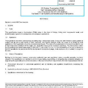 This specification covers a fluorocarbon (FKM) rubber in the form of O-rings, O-ring cord, compression seals, and molded-in-place gaskets for aeronautical and aerospace applications.
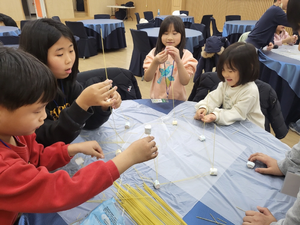 박인우 학생은 ‘마시멜로우와 스파게티 면으로 건축을 할 때 자꾸 부러져서 실망하고 답답했지만 서로 잡아주고 의지할 때 완성 되어 가는 모습이 좋았어요“라고 소감을 말했다.
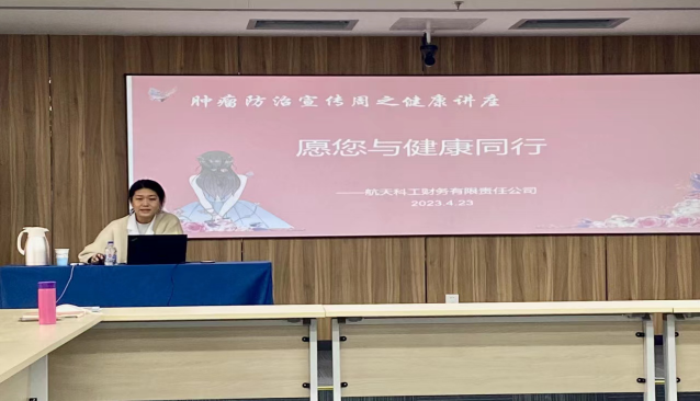 开展讲座和咨询活动。财务公司邀请航天中心医院健康管理部李晓悦医生为公司女职工进行了名为《“乳”此美好,与健康同行》的防癌健康讲座,讲解了乳腺癌的成因与防控,给女职工们上了一堂生动的科普课。此外,宣传周期间,东直门中医院的医生前来公司开展了温馨的义诊活动。
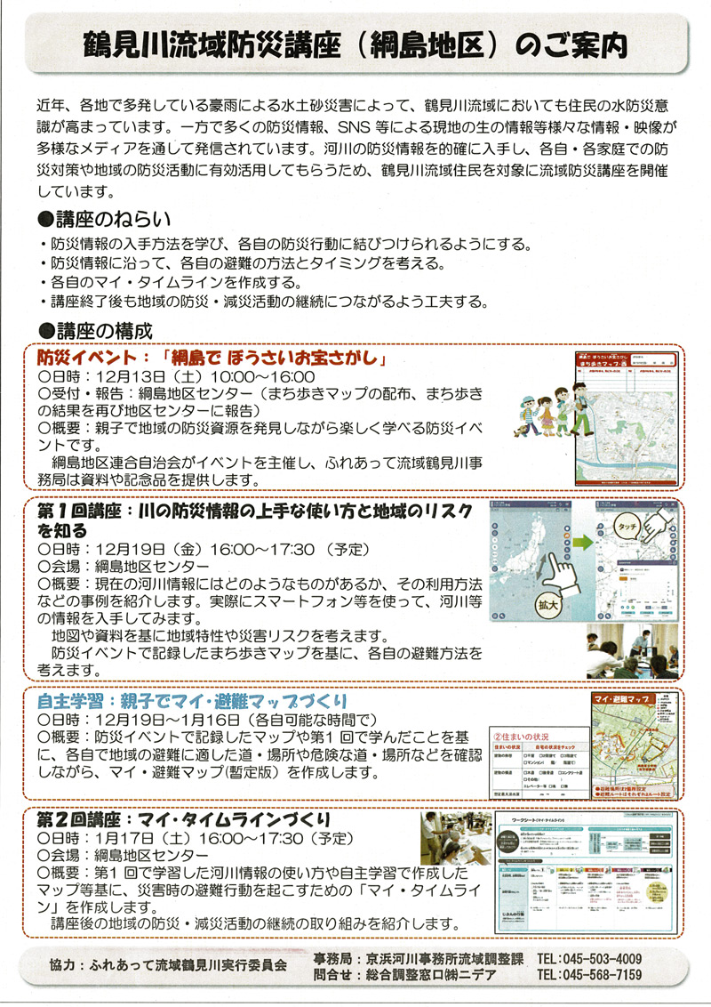 「防災講座」についての問い合わせは、「ふれあって流域鶴見川実行委員会」の総合調整窓口(株式会社ニデア:045-568-7159)まで。
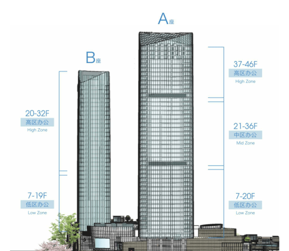标准层面积:A座2000平米;B座1500平米
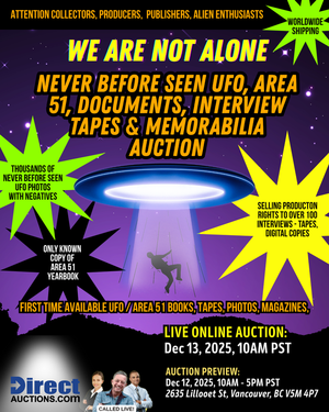 VANCOUVER, BC, December 06, 2025 /24-7PressRelease/ -- A substantial private collection documenting decades of UFO and UAP research will be available through an online auction on Saturday, December 13, 2025. Direct Auctions will present the professional archive of Chris Wyatt, an Emmy Award-winning television producer whose work includes UFOs Above & Beyond, Close Encounters: Proof of Alien Contact, UFOs: The Real X-Files, and UFOs: Top Secret.
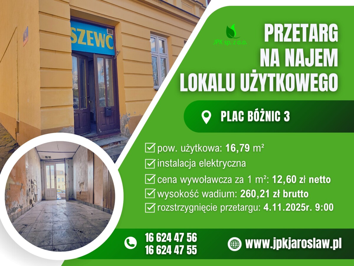 10 listopada 2025Przetarg ustny – Plac Bożnic 3 (16,79 m2)Jarosławskie Przedsiębiorstwo Komunalne Spółka z o.o. ogłasza przetarg ustny – aukcję na najem lokalu użytkowego położonego w Jarosławiu, Plac Bożnic 3 (16,79 m2).Czytaj więcej
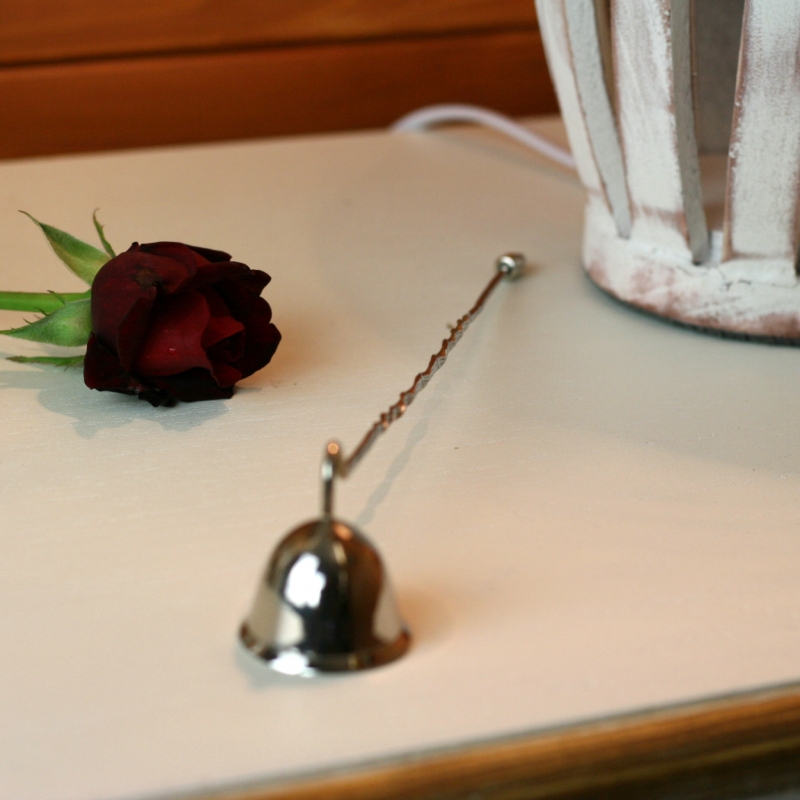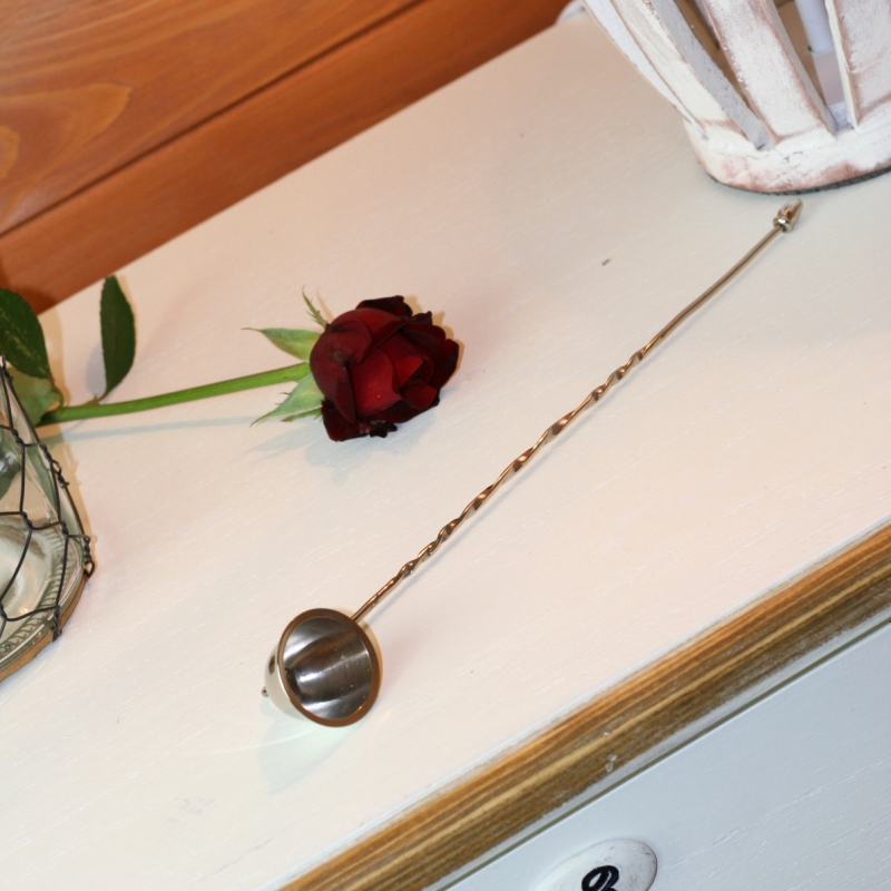Zhasínátko na sviečky 27cm poteší všetkých, ktorým sa už iste párkrát stalo, že sa vosk pri sfúknutiu vylial na stôl. Praktické zhasínátko zabráni týmto situáciám a predovšetkým ďalším zničeným stolom a obrusom. Zhasínátko má ozdobné krútené madlo v zámockom štýle.

EXERCISE: Repeat the listing verbatim. Skip the pictures.

ANSWER SPACE:
 This specification covers a fluorocarbon (FKM) rubber in the form of O-rings, O-ring cord, compression seals, and molded-in-place gaskets for aeronautical and aerospace applications.
 박인우 학생은 ‘마시멜로우와 스파게티 면으로 건축을 할 때 자꾸 부러져서 실망하고 답답했지만 서로 잡아주고 의지할 때 완성 되어 가는 모습이 좋았어요“라고 소감을 말했다.
 开展讲座和咨询活动。财务公司邀请航天中心医院健康管理部李晓悦医生为公司女职工进行了名为《“乳”此美好,与健康同行》的防癌健康讲座,讲解了乳腺癌的成因与防控,给女职工们上了一堂生动的科普课。此外,宣传周期间,东直门中医院的医生前来公司开展了温馨的义诊活动。
 「防災講座」についての問い合わせは、「ふれあって流域鶴見川実行委員会」の総合調整窓口(株式会社ニデア:045-568-7159)まで。
标准层面积:A座2000平米;B座1500平米
 VANCOUVER, BC, December 06, 2025 /24-7PressRelease/ -- A substantial private collection documenting decades of UFO and UAP research will be available through an online auction on Saturday, December 13, 2025. Direct Auctions will present the professional archive of Chris Wyatt, an Emmy Award-winning television producer whose work includes UFOs Above & Beyond, Close Encounters: Proof of Alien Contact, UFOs: The Real X-Files, and UFOs: Top Secret.
 10 listopada 2025Przetarg ustny – Plac Bożnic 3 (16,79 m2)Jarosławskie Przedsiębiorstwo Komunalne Spółka z o.o. ogłasza przetarg ustny – aukcję na najem lokalu użytkowego położonego w Jarosławiu, Plac Bożnic 3 (16,79 m2).Czytaj więcej
Zhasínátko na sviečky 27cm poteší všetkých, ktorým sa už iste párkrát stalo, že sa vosk pri sfúknutiu vylial na stôl. Praktické zhasínátko zabráni týmto situáciám a predovšetkým ďalším zničeným stolom a obrusom. Zhasínátko má ozdobné krútené madlo v zámockom štýle.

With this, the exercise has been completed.